Individualism & The Deconstruction of American Identity

Individualism & The Deconstruction of American Identity

December 4, 2023

If you spend any time at all in conservative political circles, you will encounter a handful of endlessly recycled political myths spawned by the first generation of postwar liberal neoconservatives. These myths were subsequently turbocharged by neocon’s political heirs- many platformed as talking heads by Fox News. The myth we will focus our attention on today involves the belief that America was a nation founded upon the liberal ideals of individual freedom and autonomy.

We are a people that don’t know our own history, and unsurprisingly, there is a severe discontinuity between the historical past and the present. Professor Paul Gottfried noted that1 “…the conservative movement’s appeal to values has prevented it from having to look more deeply at its own problems, most particularly its lack of connection to an older and more genuine conservatism…” He continues “…the postwar conservative movement has no real link to its beginnings. To be more accurate, the present media think tank movement does not preserve or replicate the constructivist character of its postwar source. It is an artificial movement whose unity and support derive partly from manufacturing values.” In other words, modern conservatives are simply making things up as they go. Professor Barry Shain put it more bluntly in his work The Myth of American Individualism that2 “…we are a people without a past.”

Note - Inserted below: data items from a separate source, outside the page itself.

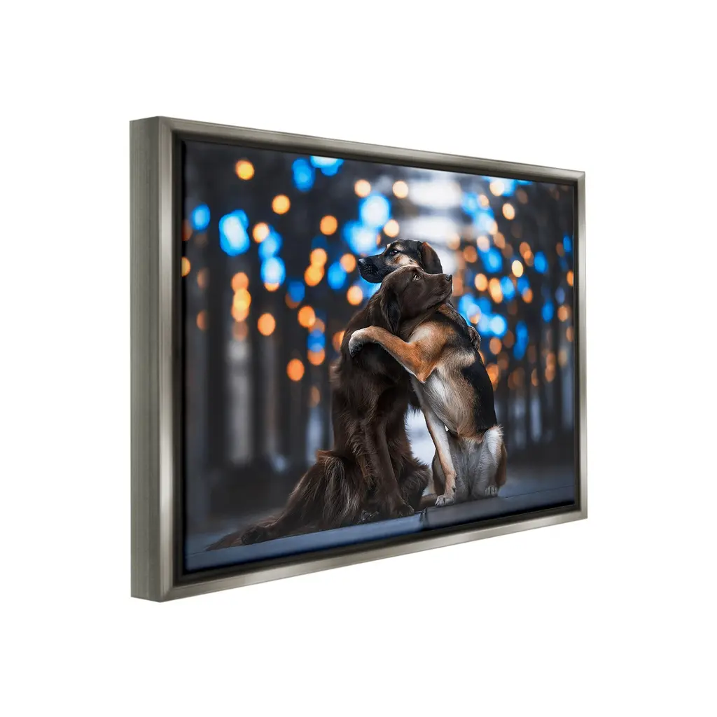 Elevate your home or office to the next level with Stupell Framed Floating Canvas Wall Art. Our premium hand-stretched canvas is mounted securely into a sturdy lightweight frame. The museum-style gap between the wrapped canvas and the box frame gives the illusion of floating artwork. Stupell Wall Art is made in the USA.Features: Dimensions: 21 x 1.7 x 17 Frame, 20 x 1.5 x 16 Canvas ArtFloating Frame Canvas Products are available in sizes 21"x17" and 31"x25". All Floating Frame Canvas Products have a 1.7" Depth.Wall Art is Ready to Hang with Hardware Free Hanging. No Installation required. For Easy Set Up Lean or Layer Artwork on Shelf or Against Wall. Artwork is Permently Fixed into the Frame.Our elevated 1.7" Thick Floating Frame is the perfect complement to our canvas style Wall Art. We use only the highest quality inks in house with industry leading printing solutions. Canvas is hand stretched over a durable wood foundation and then mounted securly into a Modern Box Frame. Made in the USA.Artwork Relates To: Animal, Canine, Mammal, Pet, Dog, Puppy, Hug, BokehDesign by Natalie Grosse
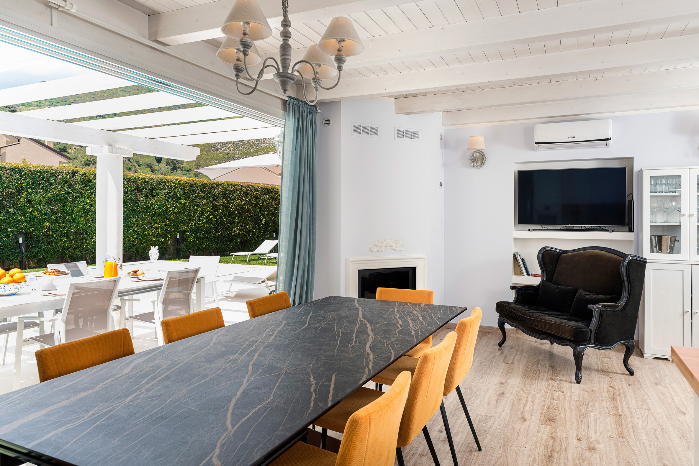 Terrazza, zona pranzo con barbecue, giardino, piscina, solarium.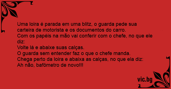 Uma loira é parada em uma blitz, o guarda pede sua carteira de motorista e os documentos do carro.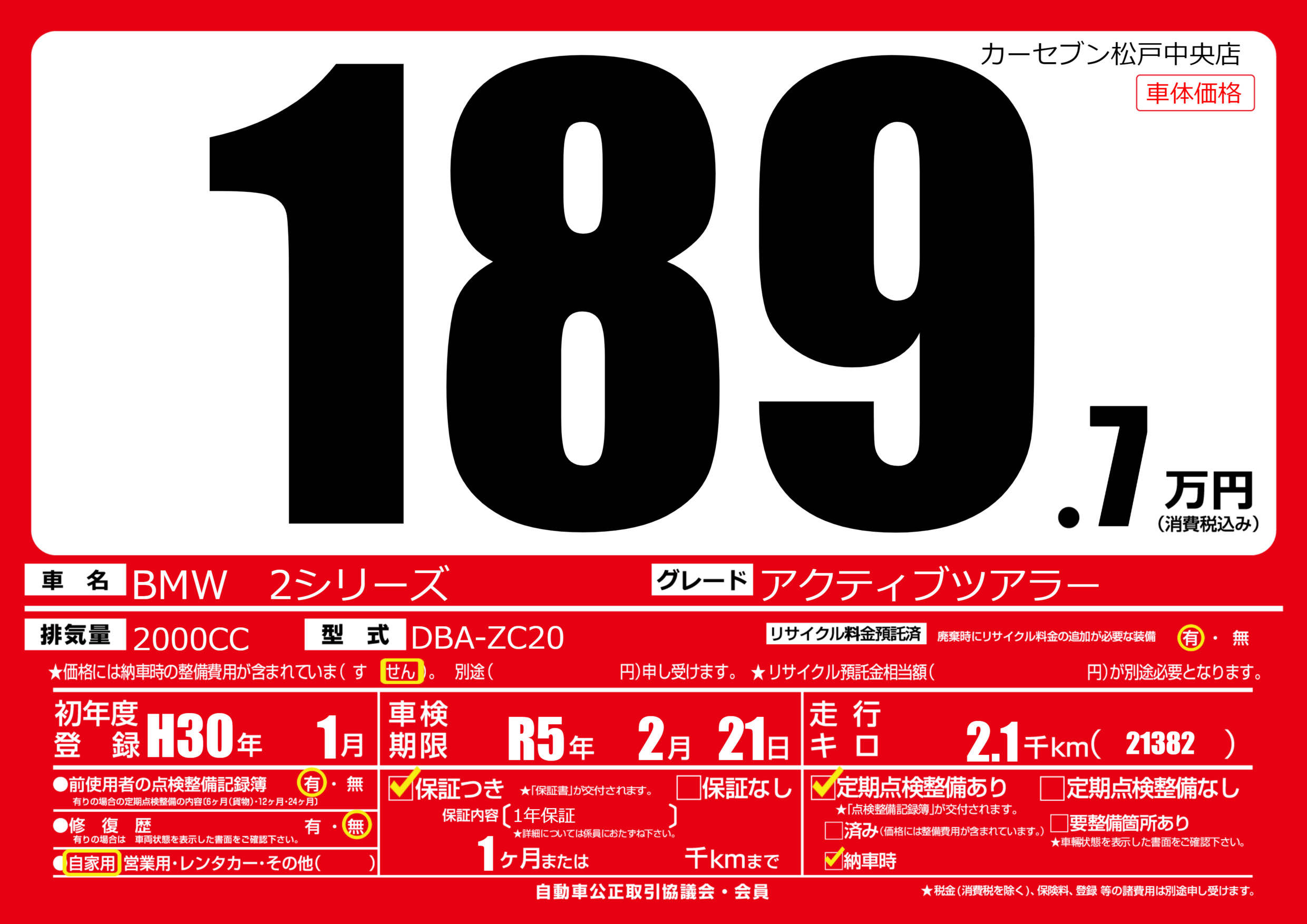 | 車名 | BMW 2シリーズ | グレード ミッション 排気量 |

What kind of people founded America? Were they rugged individuals like we have been taught to believe? What do you find when you dive into 18th-century first-person accounts and primary-source documents?  Dr. Shain writes that “…most 18th-century Americans cannot be accurately characterized as predominantly individualistic or, for that matter, classically republican. The vast majority of Americans lived voluntarily in morally demanding agricultural communities shaped by reformed-Protestant social and moral norms. These communities were defined by overlapping circles of family- and community assisted self-regulation and even self-denial, rather than by individual autonomy or self-defining political activity.” That, dear reader, is the America that gave us the Declaration of Independence and the US Constitution, and our social fabric remained static in large sections of the country until recently. Where does this absurd myth of individualism come from? There are minor historical influences to be certain, but the biggest driver of modern individualism has come from a deliberate social conditioning program that began in the West after World War II called the postwar consensus.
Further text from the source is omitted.